Banumurthy Penumaka, a water coordinator for the Byrraju Foundation, tests the dissolved solids at a bucket well. Off from school because of a local Shiva festival, children flock to the demonstration.

(An interesting side point about de-fluoridation: Andhra Pradesh has geology with a lot of fluorine, and drinking untreated groundwater for a over the long haul will give people skeletal fluorosis, a condition where fluorine deposits in human bone, leading to a painful, brittle skeleton. For this reason all the Byrajju Foundation plants have a treatment step with alum, which reduces fluorine to healthy levels. Alum (That’s Al2(SO4)3•18H2O for the chemically intrigued.) is one of the chemicals that the supply chain is successful in delivering on time and on budget.)

“If we build it, they will come.” In my naiveté, I imagined the entire village visiting the purification plant every day or two. Not only does the number of sources with their spectrum of quality dilute the potential pool of customers for the Byrraju Foundation purification stations, but there is also market competition.

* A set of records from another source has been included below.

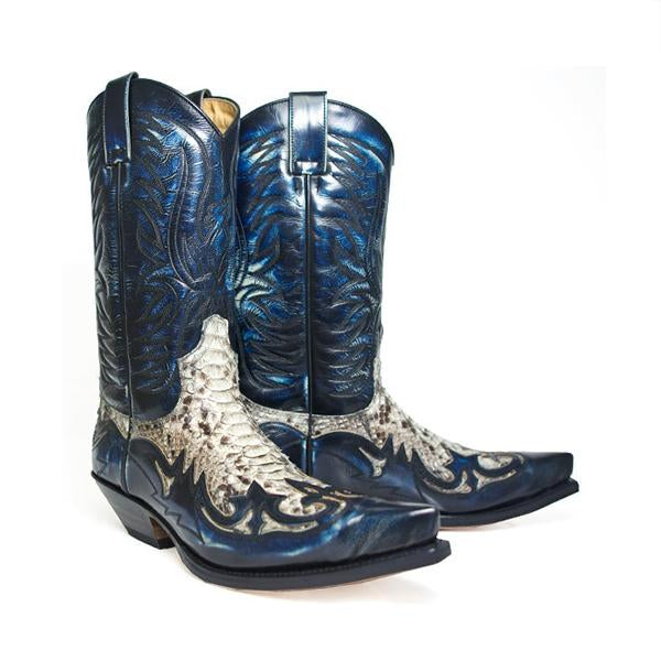 MEN'S EMBROIDERED SNAKE PRINT BLOCK HEEL WESTERN BOOTS 26509052S
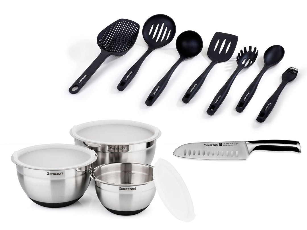 In addition to cookware, Barazzoni also offers many other products for the kitchen. For example, kitchen utensils made of plastic or silicone, which are particularly gentle on non-stick coated cookware. Our Barazzoni range also includes a selection of high-quality knives made from German knife steel as well as practical stainless steel bowls with non-slip silicone bases and tight-fitting lids.
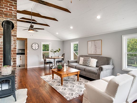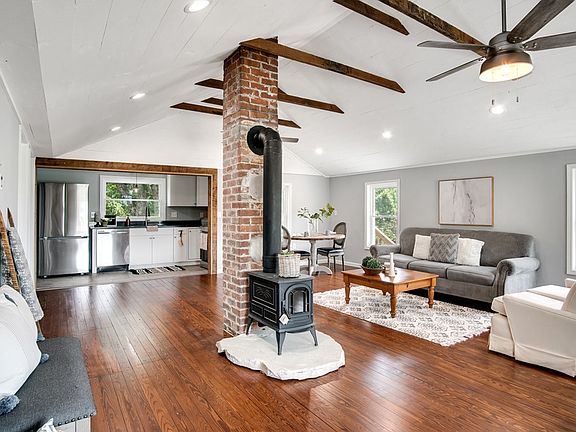 The work has been done! This 2 bedroom, 2 bath home has been completely renovated including new vinyl siding, a metal roof, new HVAC system, all new kitchen appliances, granite countertops, new windows and doors, completely renovated bathrooms, refinished hardwood flooring in living areas and a large back deck, perfect for entertaining! You'll love the planked ceilings, open concept living, dining and kitchen areas with exposed wood beams and the huge primary ensuite! There is a detached one car garage and an almost level back yard. Conveniently located just 20 minutes to Asheville and 15 minutes to Waynesville, this home is move in ready!
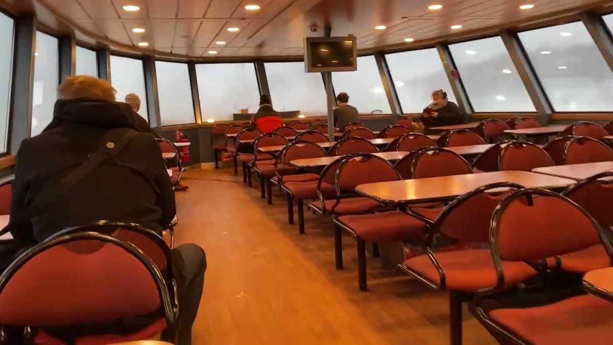 जर्मनी में हैम्बर्ग के बंदरगाह में गुरुवार 17 फरवरी 2022 को तूफान येलेनिया के दौरान, एक लहर हिंसक रूप से एक नौका के सामने से टकराई और खिड़कियां तोड़ दीं.

  • Purified drinking water—pre-packaged and trucked in—is available in the larger villages and because of the high price (About 1 rupee per liter, or about $0.06 per gallon.) some are sure it must be the most healthful water available.
  • If someone your village makes regular trips to a village with a government purification plant, you’ll ask them to bring back drinking water for you, because the government subsidizes its similar-sized, similar-technology purification plants. They sell at below operating costs (There people pay about 1 rupee for 10 liters, or about than $0.006/gallon.).
  • Sustainability is the name of the game for the Byrraju Foundation: they charge for water what it costs to produce locally, including the costs of chemicals, filters, operator and coordinator salaries, and long-term equipment costs like pumps and buildings. (For 3 rupees they sell 12 liters of water. That’s about $0.016 per gallon. They set their volume based on a common village-style carrying container.)

Which would you choose?

Alison Drinks the Water In Andhra Pradesh

Alison drinks the water in India while water coordinator Padmarao Thangalla considers an answer to one of our questions.

“Everyone wants cleaner water.” Socrato-scientific rationalism falls from its lofty heights and makes a big, ugly crater. I wish it were different, but people who can afford to buy pure drinking water still choose to drink from canals, government bucket wells, and panchayati taps. Sometimes it’s an economic choice, for example the kids’ tuition wins over cleaner drinking water. Sometimes it’s rumor-based: in our interviews we hear that some older people don’t start drinking Byrraju water because once they do, they feel pain in their knees and back. So our consulting efforts find their primary focus: behavior conversion.

There’s crafty work already going, of course. We talk to a cagey, white-haired doctor who also prescribes purified drinking water whenever he prescribes long-term meds for diseases like diabetes and hypertension, which are both rampant in Andhra Pradesh. “I tell them the pills won’t work without pure water,” his grin is rueful.

We will take in the scene with fresh eyes, eyes rinsed clean of their delusions, and make some recommendations for how to move forward.